- Breaking behavior between minor versions (https://github.com/conda/conda/issues/7290)
- Environments not actually being isolated (https://github.com/conda/conda/issues/448)
- Can't create environments in long paths (https://github.com/conda/constructor/issues/156)
Those are just a few I can remember. We unfortunately have not found a strong replacement.
See https://github.com/conda/conda/issues/7248 for where conda intends to head in the future on the environment.yml issue.
> Environments not actually being isolated
That's actually a really sticky issue, and one that's more about the python interpreter itself rather than anything conda is doing. More recent discussion at https://github.com/conda/conda/issues/7173. Yes, we can change the default behavior of the python interpreter. Either way though, we'll be making a group of people mad.
> Can't create environments in long paths
Of course you can. `conda create` works well with long paths on unix systems (Windows is more difficult, but we're working on that too). What you're bumping into in that issue is that the constructor installer builder isn't (right now) compatible with longer paths. The solution really is to get conda bootstrapped onto your system, and then just use that one conda. You don't need full miniconda installations scattered all over the place. One easy way to do it is bootstrap conda into `/opt/conda` and then symlink `/opt/conda/bin/conda` to `/usr/local/bin/conda`. Now `conda create` whatever and wherever you want.
> We unfortunately have not found a strong replacement.
Conda definitely isn't perfect, and it's far from a "done" project. One thing we do have at this point is years of battle-hardening with something like six million active users blanketing all sorts of operating environments.

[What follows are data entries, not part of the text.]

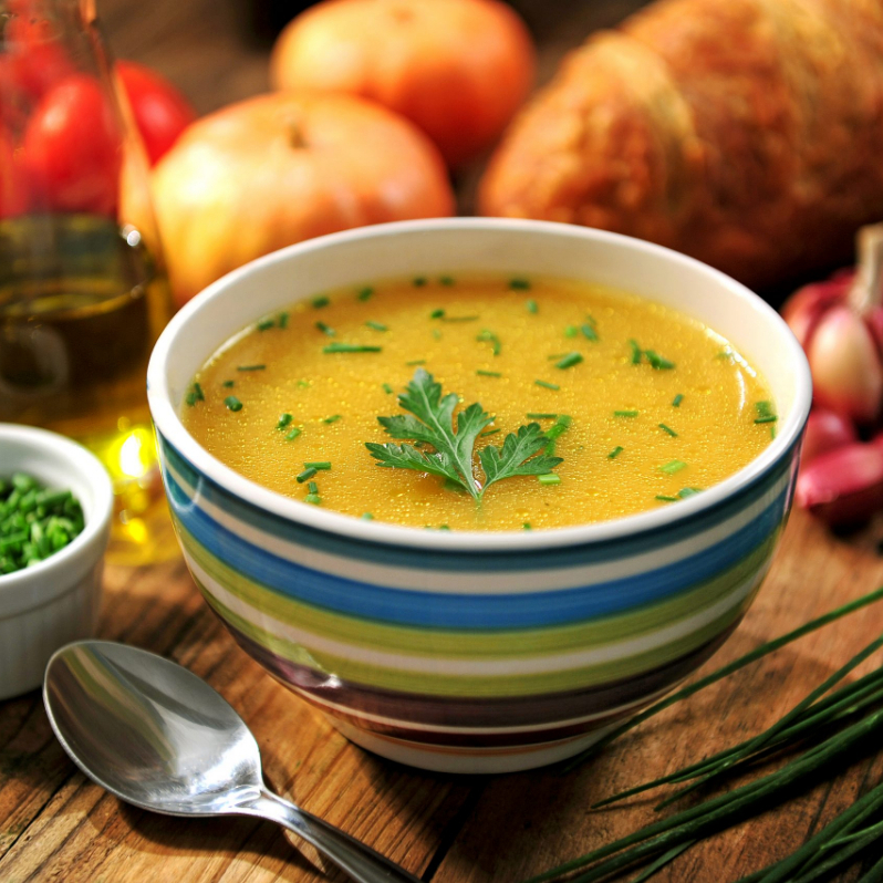 caldo de frango350 ml com acompanhamento de cheiro verde e torresmo
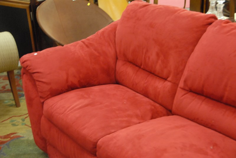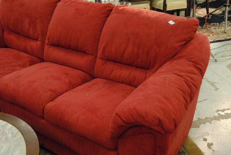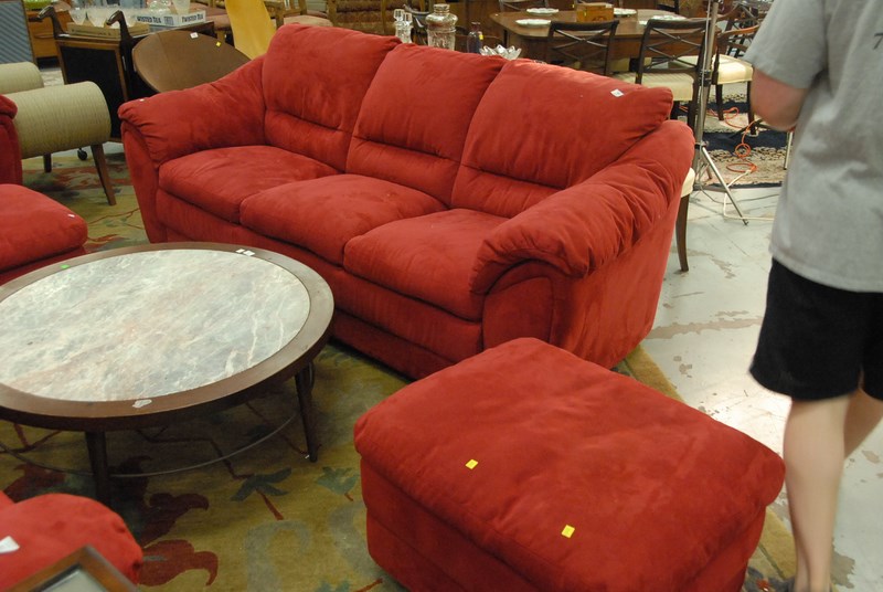 Two piece family room set including sofa lg. 90in. and ottoman in rose red.
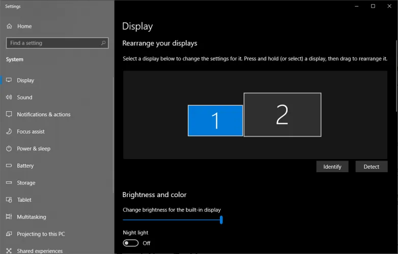 从这个页面上,Windows 10和Windows 11用户可以看到他们的显示器在导航连续性方面是如何匹配的。您可以拖动矩形,使它们与显示器在桌面上的方向相匹配;例如,如果一个略低于另一个,或者它们的顺序不同。你可能不得不做一些试验和错误来让他们正确地排好队。
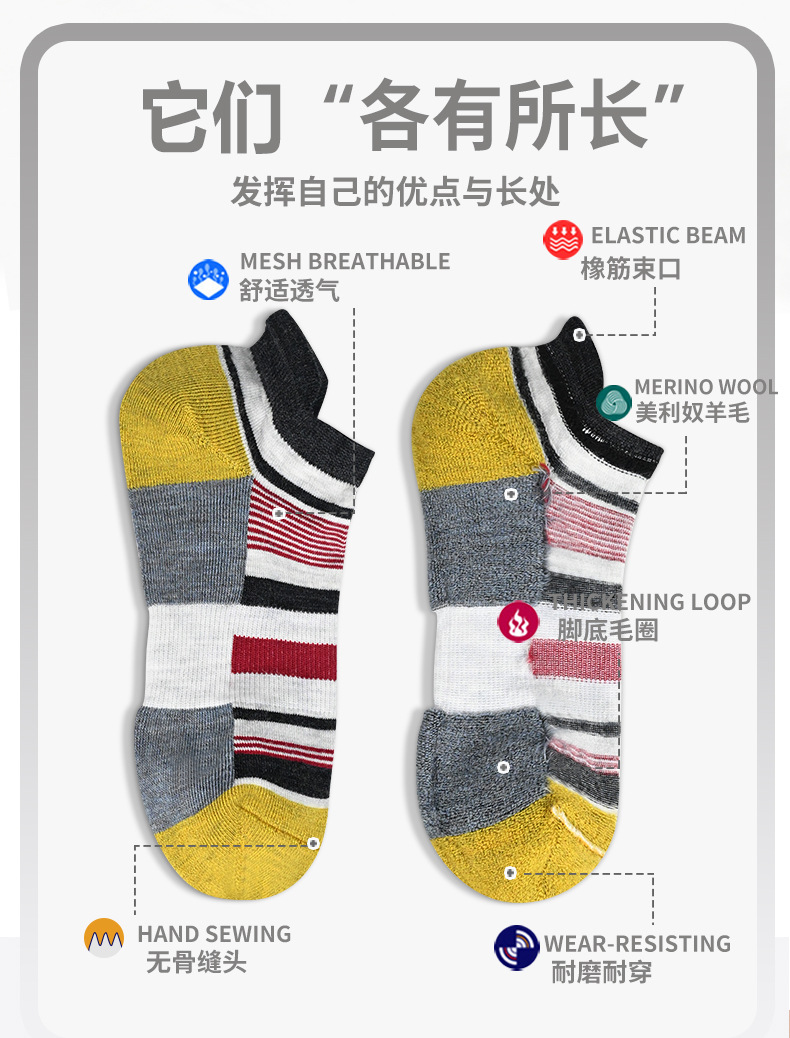 여름 하이킹 양말, 밑창 테리 90% 메리노 울 양말, 하이킹 및 캠핑용 얕은 입 짧은 튜브 하이킹 양말스토어 가기
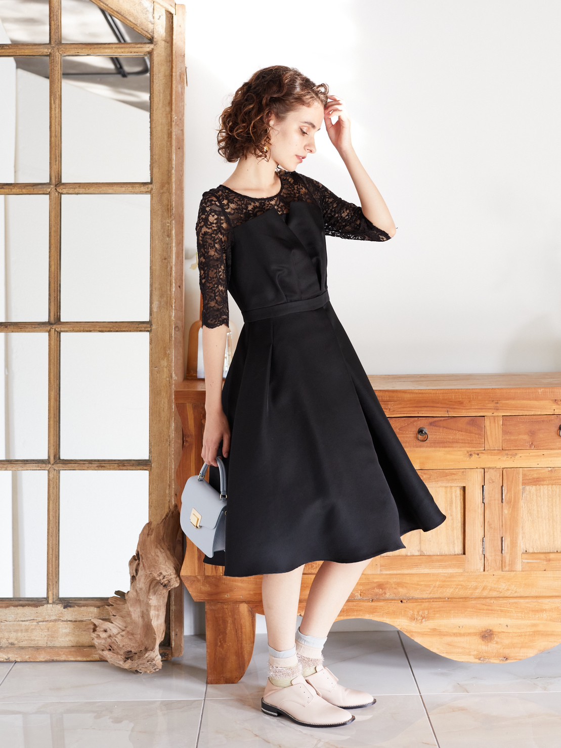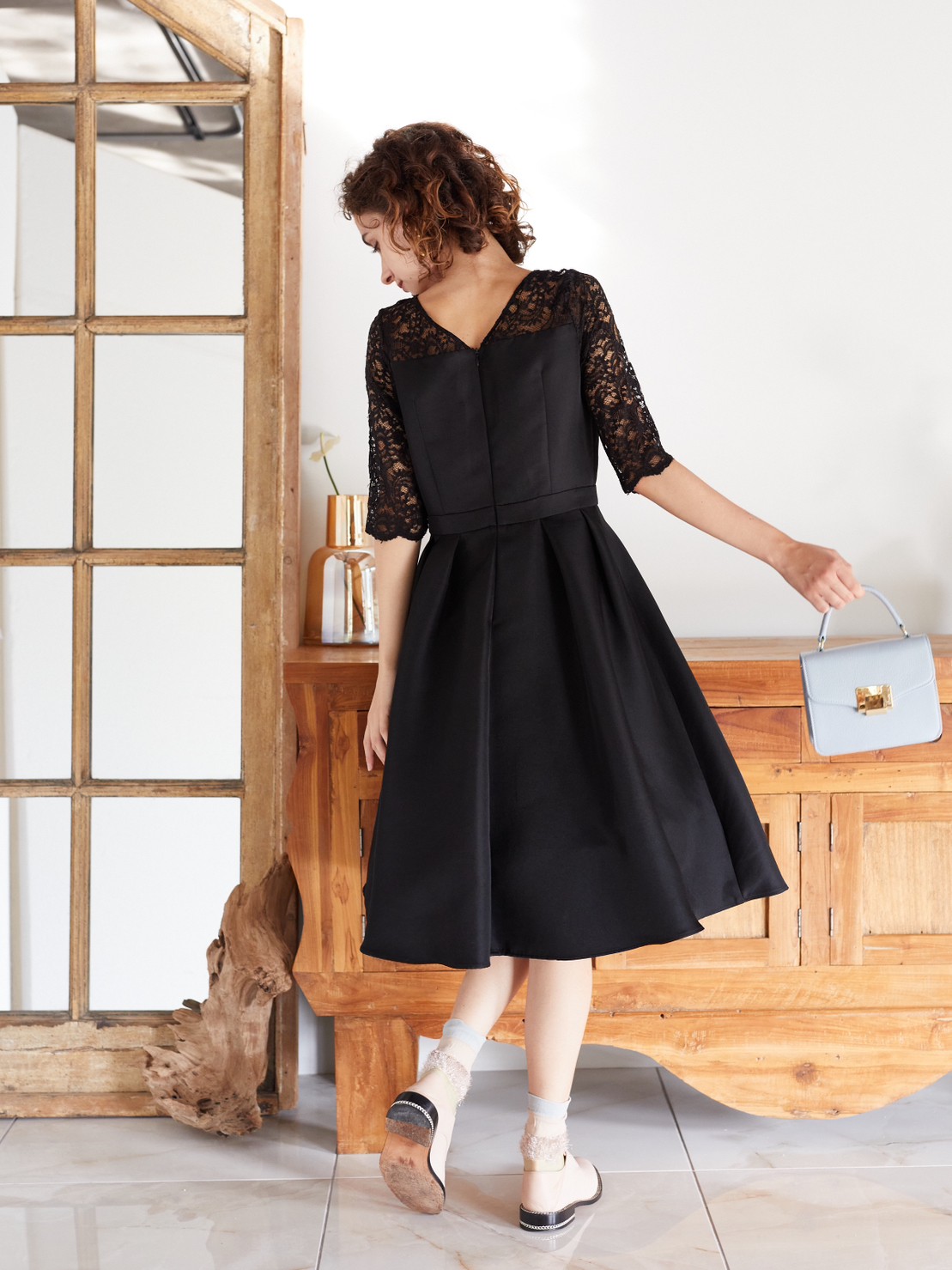 当店ではとても人気のレース生地袖ありドレス。結婚式に参列される際、ドレスにボレロやストールを羽織るのがお呼ばれスタイルとして定番ですが、年々羽織いらずの1枚で着用でき露出も抑えられたタイプが人気上昇中。野暮ったさがなくこなれ感も狙えるので、このブームはこれからも続いていく気がします。羽織で隠れることがないので、ドレス本来の雰囲気を最大限に活かすことができます。1枚でキマるデザインは、コーディネートが苦手な方にもおすすめです。また、レース生地は女性らしく華やかに見せてくれるので幅広い年齢層の方に着用いただけます。短過ぎない丈感も◎。結婚式などのオケージョンドレスとして、ちょっとしたパーティードレスとして、多様なシーンで活躍してくれる1着です。
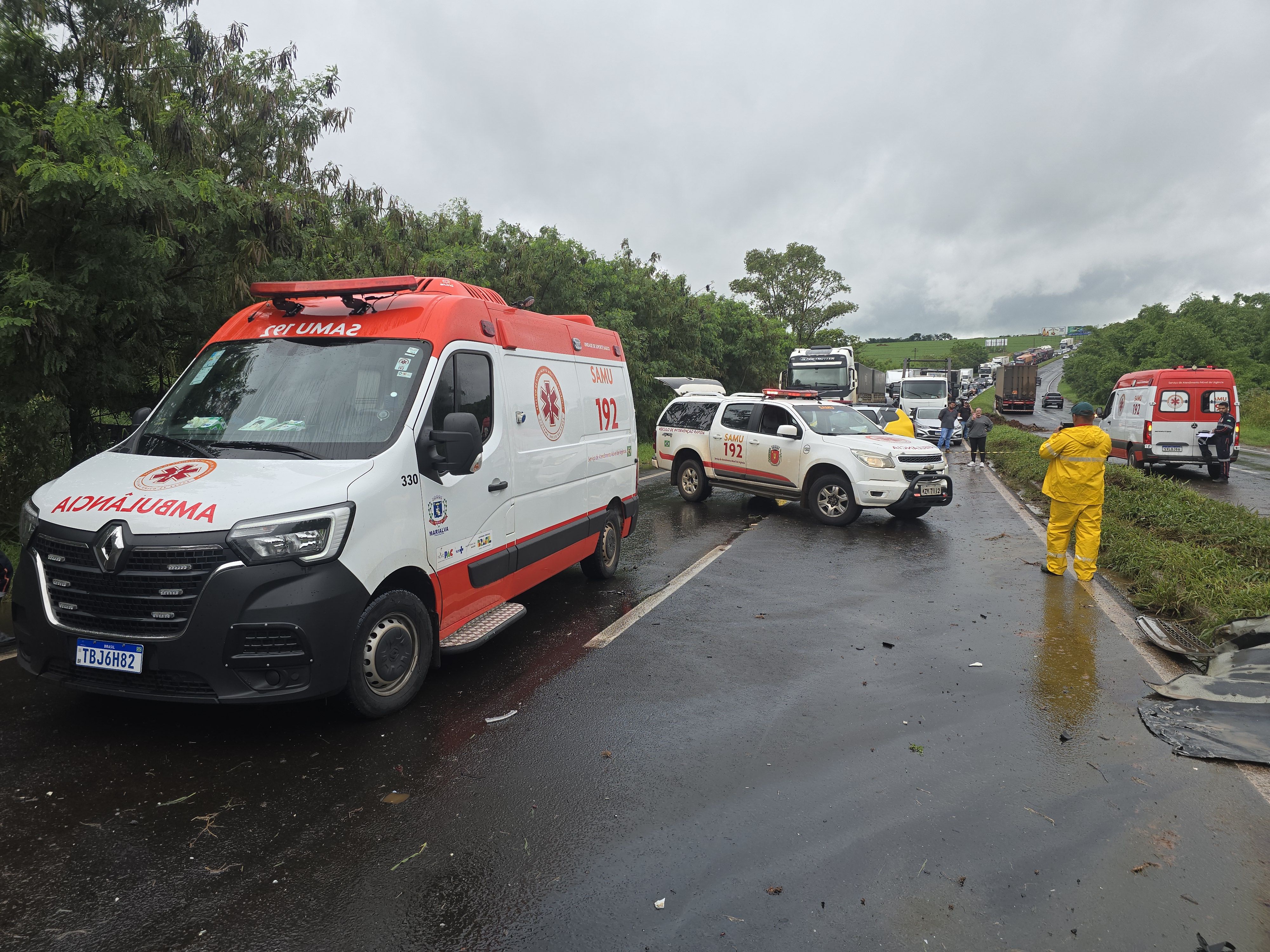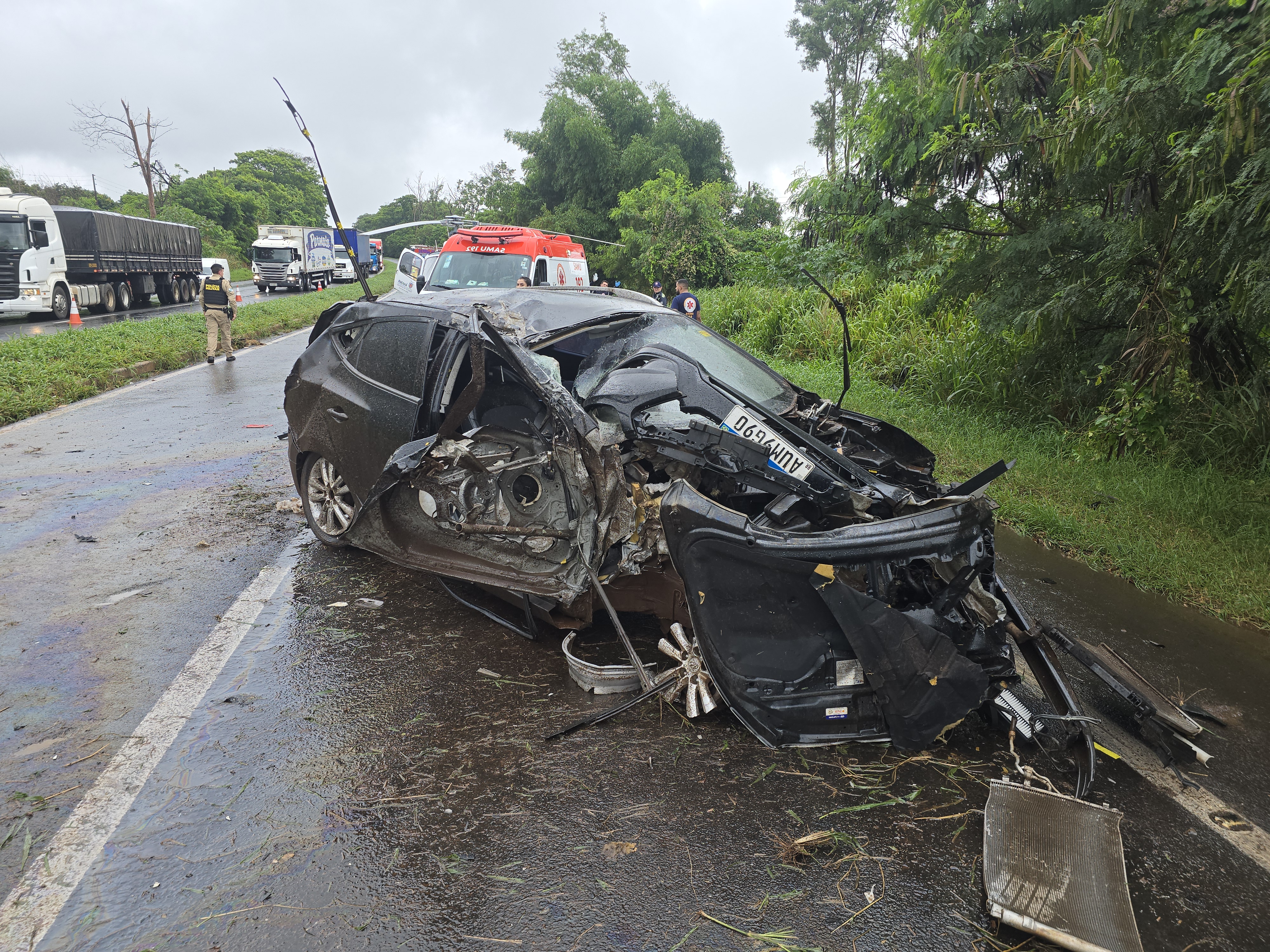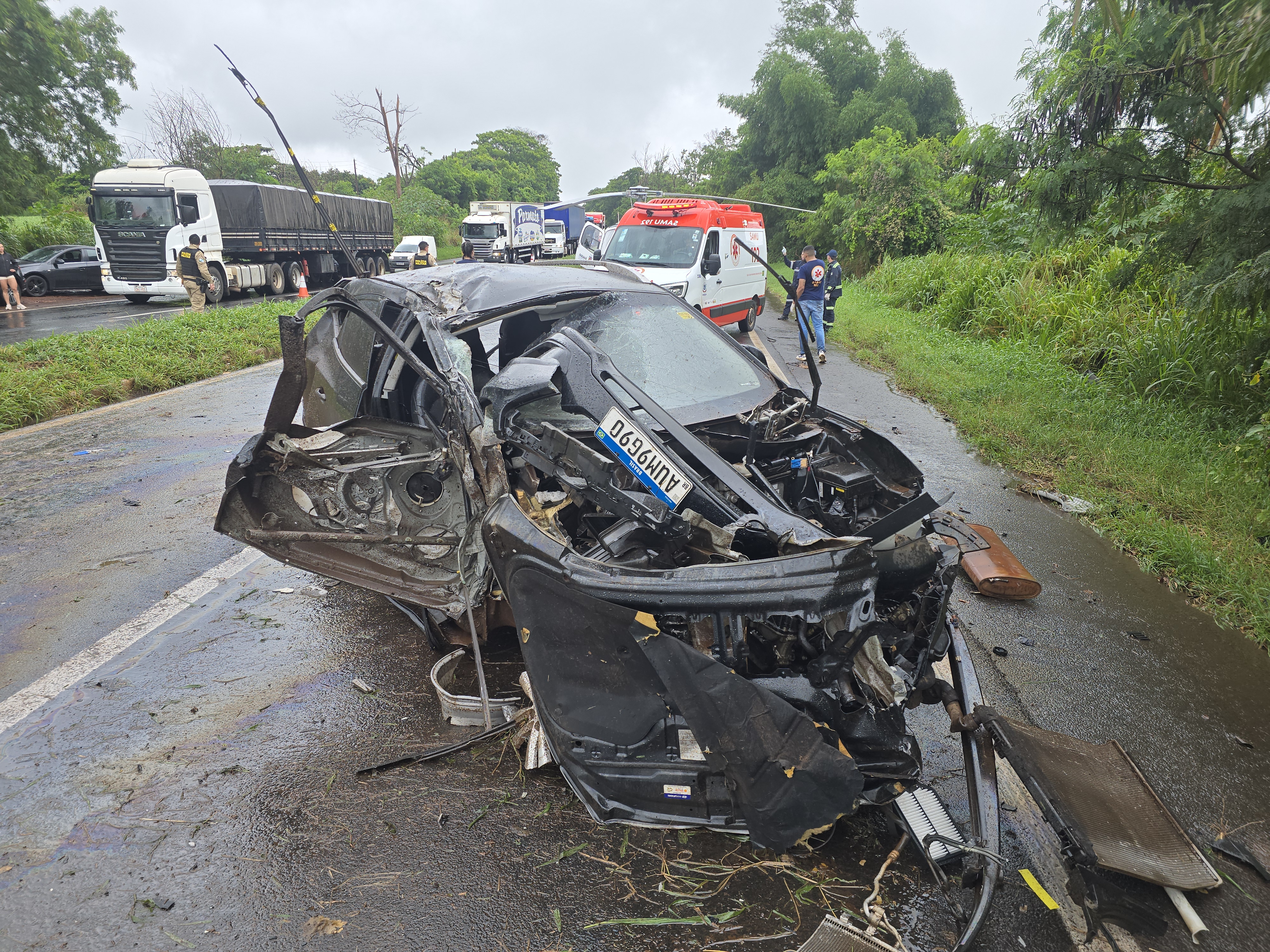 O condutor da carreta também sofreu ferimentos e foi socorrido por uma equipe do Samu. A Polícia Rodoviária Estadual disse que a alta velocidade do carro e a chuva foi predominante para o veículo aquaplanar na pista.
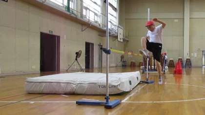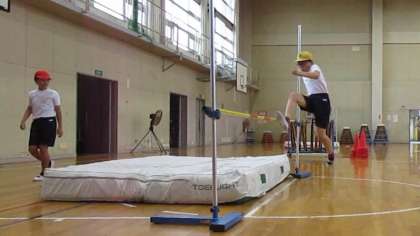 体育の時間に、走り高跳びをしています。初めて走り高跳びに挑戦したときに比べて、跳び方が格段にうまくなっています。動画を見て、自分のフォームの確認をしながら、最高記録を目指していきます。
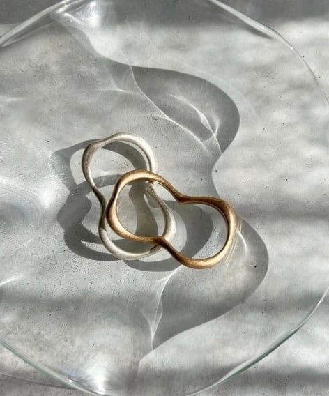 シンプルながらもひねりを効かせたニュアンスたっぷりなデザインリングは、女性らしい上品な手元を演出し、つけるだけで周りと差がつく手元のアクセントに。
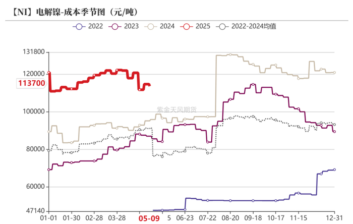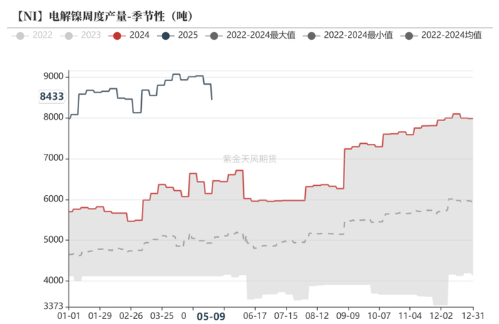 截至2025年5月,全国镍生铁产量(金属量)环比增加0.08万吨至2.63万吨,环比增3.14%。国内部分前期检修冶炼厂恢复生产,但受到成品价格下跌影响,整体产量增幅较为有限。
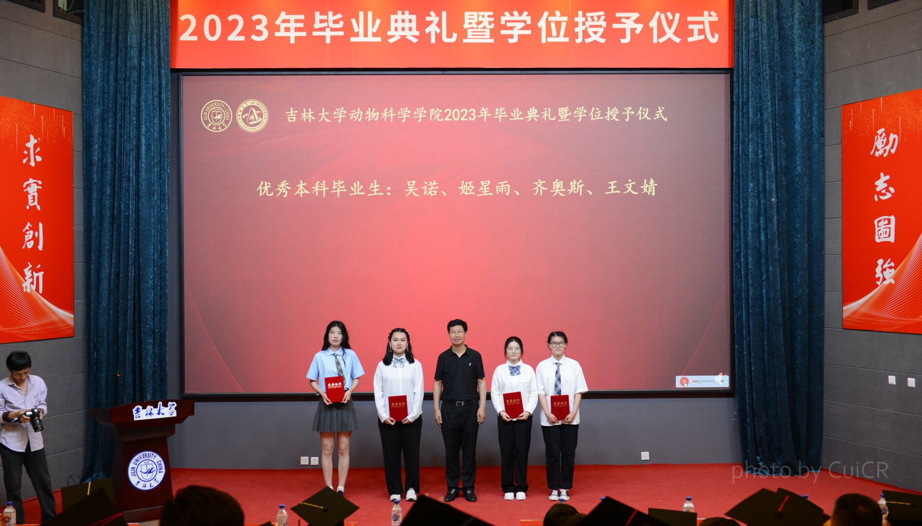 本科生毕业生代表、2019级动物科学专业王子娇同学以及毕业研究生代表、2018级畜牧学学科郑毅同学发表毕业感言。他们回顾了在吉大的求学之路,表达了对母校和老师的感恩之情与惜别之意,并表示在毕业后,将传承“求实创新、励志图强”的校训精神和“厚德笃行,创新致远”的院训精神,承担起新时代青年责任,将在校期间所学应用到实践中,为国家建设注入青春力量。

With conda-forge being as strong as it is today, I'm not sure anything else like it really exists. Nix and pkgsrc are probably the closest alternatives.
I'm trying to figure out why is all this new manylinux PEP stuff "inspired by conda" and is not actually conda.
Is this a situation like grsecurity vs Torvalds? How does the situation change now that BDFL is gone ?
Ha! Conda and Anaconda, Inc. are _not_ like grsecurity. Starting with the fact the Conda is BSD-licensed.
Recounting some of the history will probably provide the context you're looking for.
It's my understanding that the birth of Anaconda (the distribution) and Conda goes back to this statement by Guido regarding package building and installing at a PyData summit in 2012:
> It really sounds like you guys' needs are so unusual compared to the larger python community that you're just better off building your own.
https://www.youtube.com/watch?v=QjXJLVINsSA&t=59m10s
This predated PEP 427 (Wheel Binary Package Format 1.0).
Of course both conda and pip/wheels have evolved immensely since 2012, and their evolution has been guided by different constraints. Elsewhere in this thread I spoke about how pip/wheels/PyPA packaging has as it's primary target the site-packages directory, and then branches out from there when necessary. Conda's primary target is the prefix root. PyPA's mandate is to build, install, and manage python packages, which makes something like 'pip install python3' out of scope. Things like 'pip install postgresql' and 'pip install r' are _for sure_ out of scope. Conda has the luxury of being able to install and manage all packages, not just python packages.
Regarding the creep of wheels toward conda packages, and especially the static embedding within wheels of compiled "system" libraries, I question whether it's actually to the benefit of python _users_. No doubt the wheel "binary" format is a huge improvement over eggs for pure-python packages. But manylinux wheels are often built going beyond just compiled python extensions. Rather than describing these "system" dependencies in metadata, and then having pip ensure these system dependencies are present before installing the package, these wheels now implicitly cross the python-only line that PyPA in other cases holds. There are real consequences for users, with the result being that it pushes failure mechanisms back rather forward.
So, because of the differences in scope, my guess is that the python community would think it inappropriate to make Conda an official PEP. Conda will probably someday install wheels (at least pure-python ones); maybe someday pip can reach out to conda or apt-get or yum to ask for non-python dependencies to be installed.
> and make conda-forge part of the Python Foundation (instead of a private company)
Conda-forge is actually a community-driven organization completely independent of Anaconda, Inc.
Despite some of our issues with it, Conda has worked well for us both as a development team and in production for quite some time.
> six million active users
That's awesome to hear, and one of the reasons we haven't seriously invested in a replacement.